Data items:
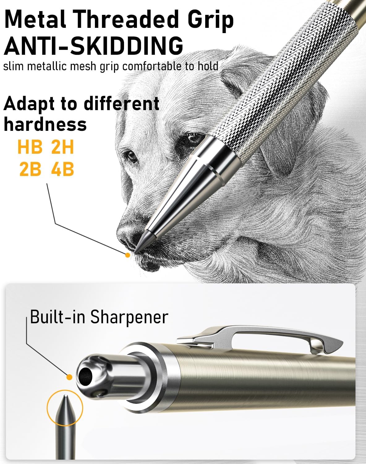 - 2 PCS 2mm Lead Holder: Metal Threaded Anti-skidding pen tube with sharpener in the cap of 2.0 mm mechanical pencil, Extra 2pcs lead sharpener are also provided for the 2.0 lead to keep the fine point as they dull.
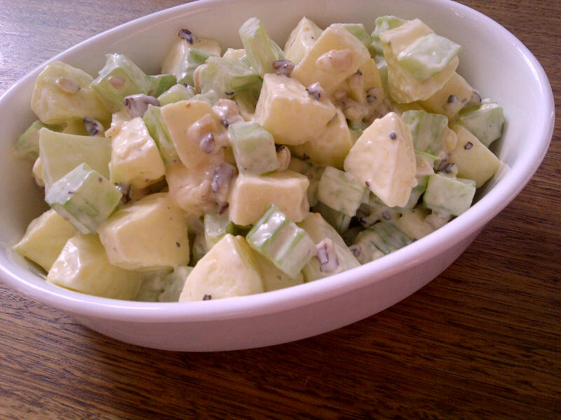 Waldorf Salad has always sounded a bit yerk to me: apple, celery, walnuts and mayonnaise mixed together. Just. Not. Right. But I had some excess celery, apples and walnuts in the fridge prior to my Newcastle visit so I gave it a whirl. Mum was promising to have a barbecued chicken and bread rolls waiting on our arrival and I thought I’d take an edible gift to accompany lunch.
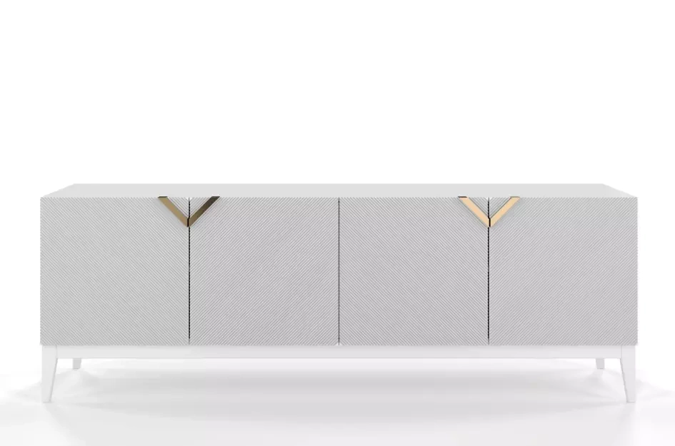 Drewniana komoda Visby DEMI LONG / kolor biały + białe nogi / szer. 201,5 cm
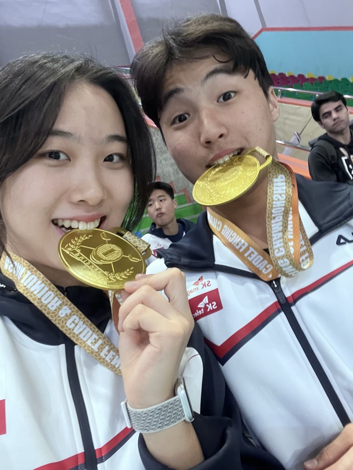 [사진설명] 지난3월 2일 우즈베키스탄에서 열린 2023 아시아 유소년 청소년 펜싱 선수권 대회에서 우리나라 신민채 선수(왼쪽)와 남호현 선수(오른쪽)가 금메달을 획득하는 쾌거를 거두었다.
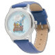 Kinderuhr aus Edelstahl mit blauem Lederarmband
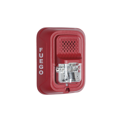Sirena con Lámpara Estroboscópica a 2 Hilos, Montaje en Pared, Color Rojo, Configuración Estroboscópica Seleccionable y Texto en Español, Nuevo Diseño Moderno y Elegante y Menor Consumo de Corriente
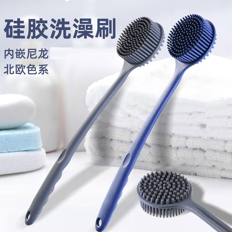 Cepillo de baño de silicona con mango largo, artefacto para frotar la espalda, cepillo para frotar la espalda, cepillo para frotar la espalda de pelo suave, cepillo para baño, toalla para frotar
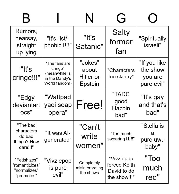 This bingo card has a free space and 24 words: "It was AI-generated", "Vivziepop is pure evil", "Jokes" about Hitler or Epstein, "Fetishizes" "romanticizes" "normalizes" "promotes", "Spiritually israeli", Rumors, hearsay, straight up lying, "It's cringe!!!", "It's -ist/-phobic1!!!", "TADC good Hazbin bad", "Can't write women", "Characters too skinny", "Edgy deviantart ocs", "Too much swearing11!!!", "Stella is a pure uwu baby", "The fans are cringe" (meanwhile is in the Dandy's World fandom), "Vivziepop forced Keith David to do the show!!!", "It's gay and that's bad", "It's Satanic", "If you like the show you are pure evil", "Wattpad yaoi soap opera", "Too much red", "The bad characters do bad things? How dare!!!", Salty former fan and Completely misinterpreting the shows.
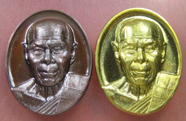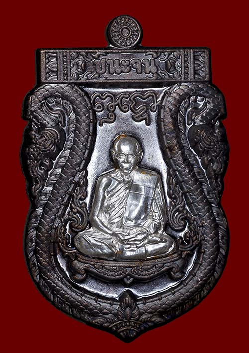 วัดใจ พระขุนแผนชมตลาด หลังรูปเหมือน ปี 2547 เนื้อทองแดงลมดำ สร้าง 5000 เหรียญ หลวงพ่อสาคร วัดหนองกรับ |

[What you need to do] Reproduce exactly, and only, the lines from the one containing "This bingo card" through the last line of the records above, both included, leaving out any pictures.

[Worked solution]
 This bingo card has a free space and 24 words: "It was AI-generated", "Vivziepop is pure evil", "Jokes" about Hitler or Epstein, "Fetishizes" "romanticizes" "normalizes" "promotes", "Spiritually israeli", Rumors, hearsay, straight up lying, "It's cringe!!!", "It's -ist/-phobic1!!!", "TADC good Hazbin bad", "Can't write women", "Characters too skinny", "Edgy deviantart ocs", "Too much swearing11!!!", "Stella is a pure uwu baby", "The fans are cringe" (meanwhile is in the Dandy's World fandom), "Vivziepop forced Keith David to do the show!!!", "It's gay and that's bad", "It's Satanic", "If you like the show you are pure evil", "Wattpad yaoi soap opera", "Too much red", "The bad characters do bad things? How dare!!!", Salty former fan and Completely misinterpreting the shows.
 วัดใจ พระขุนแผนชมตลาด หลังรูปเหมือน ปี 2547 เนื้อทองแดงลมดำ สร้าง 5000 เหรียญ หลวงพ่อสาคร วัดหนองกรับ |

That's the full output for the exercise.